Bellinazzo: "Il calcio non sarà più lo stesso. A rischio anche la stagione 20-21"
L'esperto di calcio e finanza: "Perdite quantificabili per circa 700 mln, in calo sponsor e botteghini. L'Uefa corra ai ripari, giusta che la Roma chieda il paracadute"
L'onda anomala che porta il nome di Coronavirus è partita dalla Cina, ha travolto l'Italia e adesso si riversa sull'Europa e sul resto del Mondo. È ancora presto per capirne fino in fondo gli effetti che avrà sulle nostre vite, ma intanto noi abbiamo cercato di tracciare l'impatto che questa emergenza avrà sul calcio con Marco Bellinazzo, giornalista de "Il Sole 24 Ore", che sta trascorrendo la sua quarantena a Milano insieme alla famiglia: «Siamo in casa con due bimbi piccoli. Qui in Lombardia la situazione è pesante. I numeri di decessi e contagiati sono veramente significativi. Speriamo che le misure adottate facciano effetto».

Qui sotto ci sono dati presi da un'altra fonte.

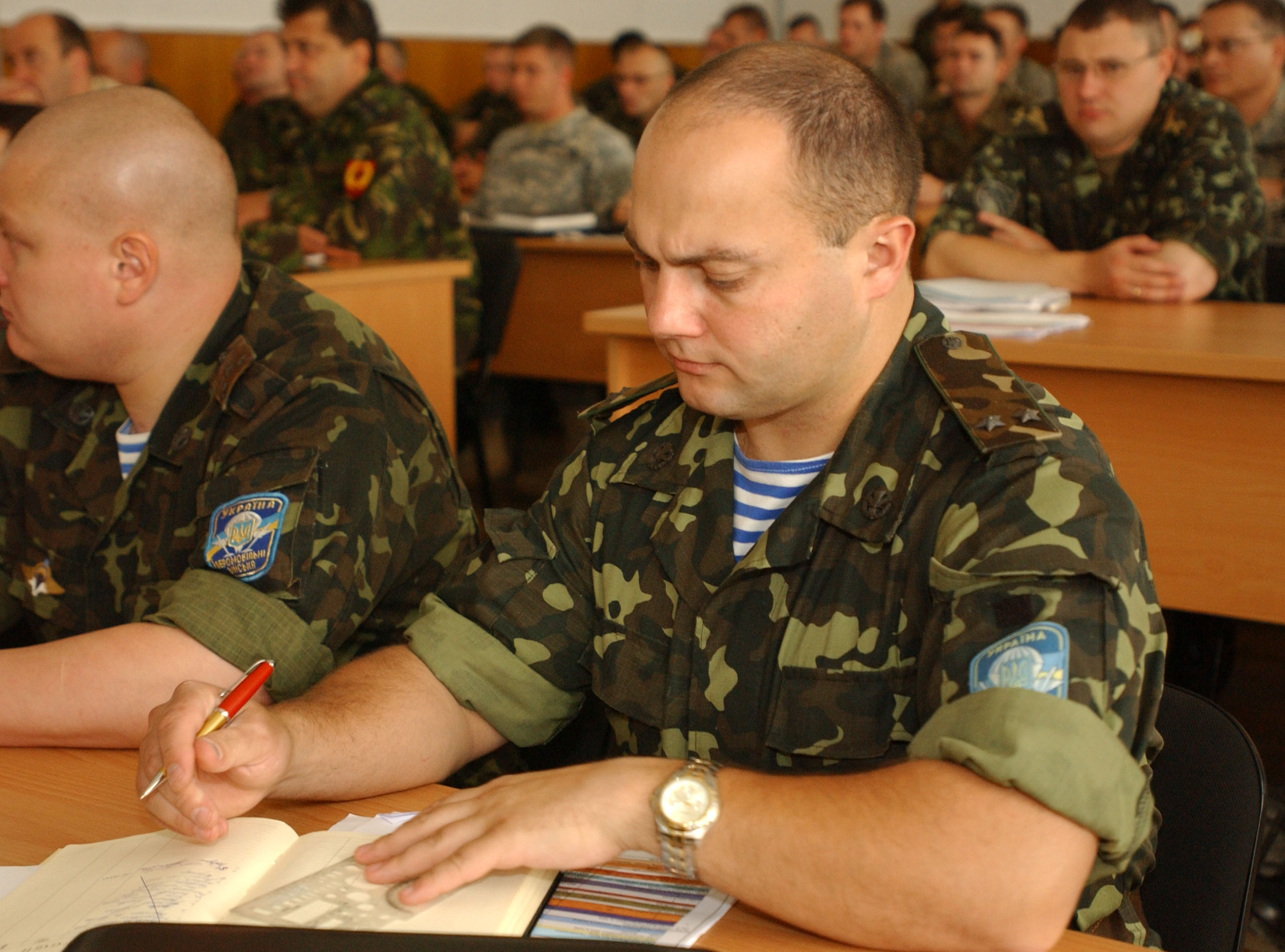 Ukrainian and Californian soldiers receive a briefing together at Rapid Trident 2007 in Kiev, Ukraine.

In questa situazione ha ancora senso parlare di ripresa del campionato?
«Più passano le ore e meno l'ipotesi di ricominciare è solida. I dati non segnano una netta inversione di tendenza e bisogna essere molto realistici».
Quali sono gli scenari?
«Se dovesse esserci un netto calo dei contagi nelle prossime 2-3 settimane si potrebbe pensare di ricominciare per la metà di maggio. Naturalmente a porte chiuse, perché nessuno dovrebbe azzardarsi ad avanzare l'ipotesi di giocare a porte aperte».

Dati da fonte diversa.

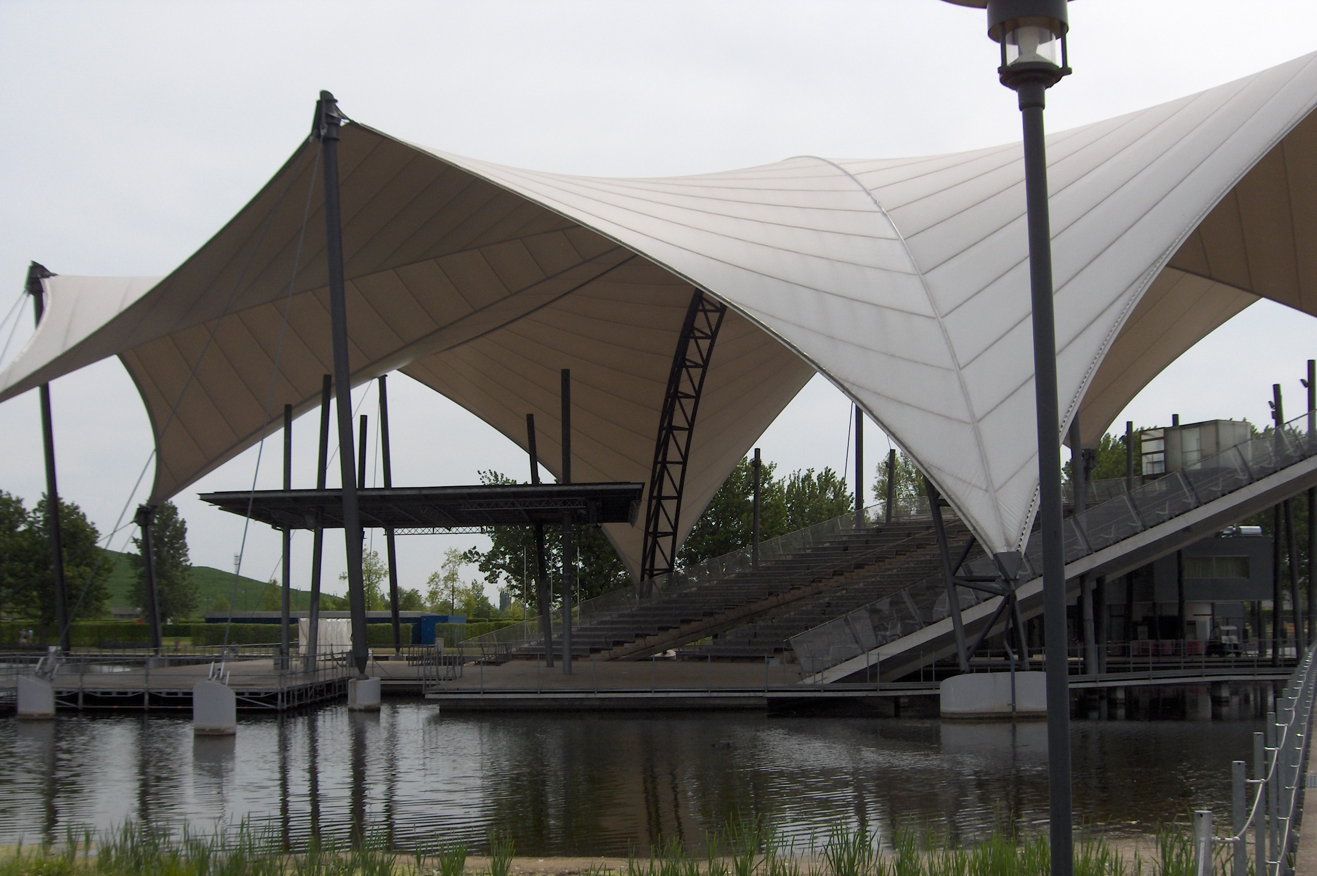 The "Seebühne" in the public garden "Elbauenpark" in Magdeburg, Germany

E se le misure adottate non dovessero avere effetto?
«L'ipotesi di riprendere ancora più in avanti si fa molto complessa perché i giocatori devono avere il tempo di rientrare in forma in maniera omogenea, su base nazionale, e questo farebbe slittare molto i tempi arrivando a giugno, se non addirittura a luglio».

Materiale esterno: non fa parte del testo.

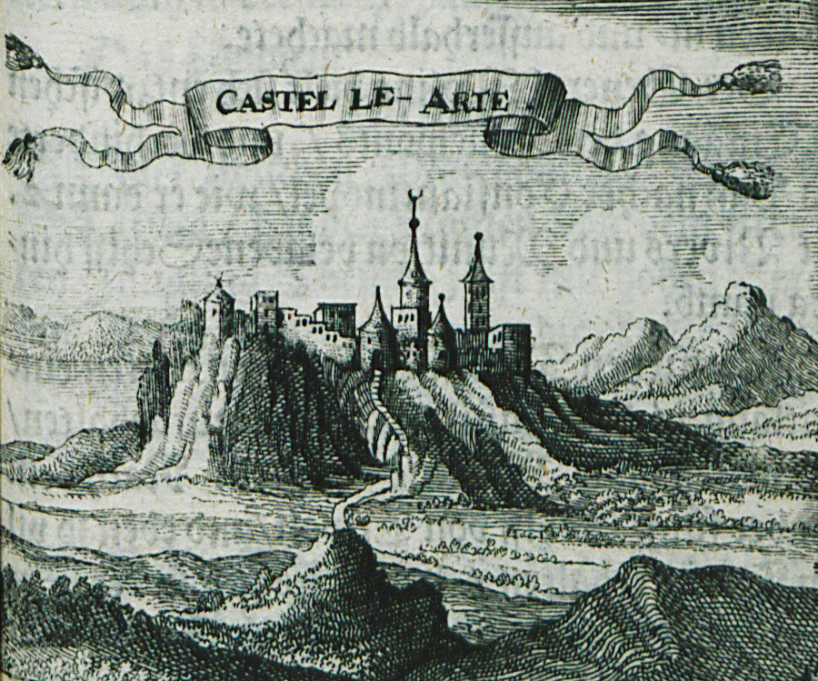 Jacob Enderlin. Archipelagus Turbatus, Oder Deß Schönen Griechen-Lands, Augsburg, Jacob Enderlin, MDCLXXXVI (1686)

Un'idea potrebbe essere quella dei playoff ma il presidente Gravina ha detto che la proposta "non è piaciuta" ai club, perché secondo lei?
«Lo spirito innovativo in Italia non si accorda con le emergenze. Poi credo che sia prevalsa una visione di corto respiro, ma a mio avviso sarebbe stata un'ottima soluzione. Si sarebbero potute congelare le posizioni sulla base della classifica attuale per assegnare i piazzamenti europei e decretare le retrocessioni».
Se la stagione finisse oggi quali sarebbero le ripercussioni economiche per i club?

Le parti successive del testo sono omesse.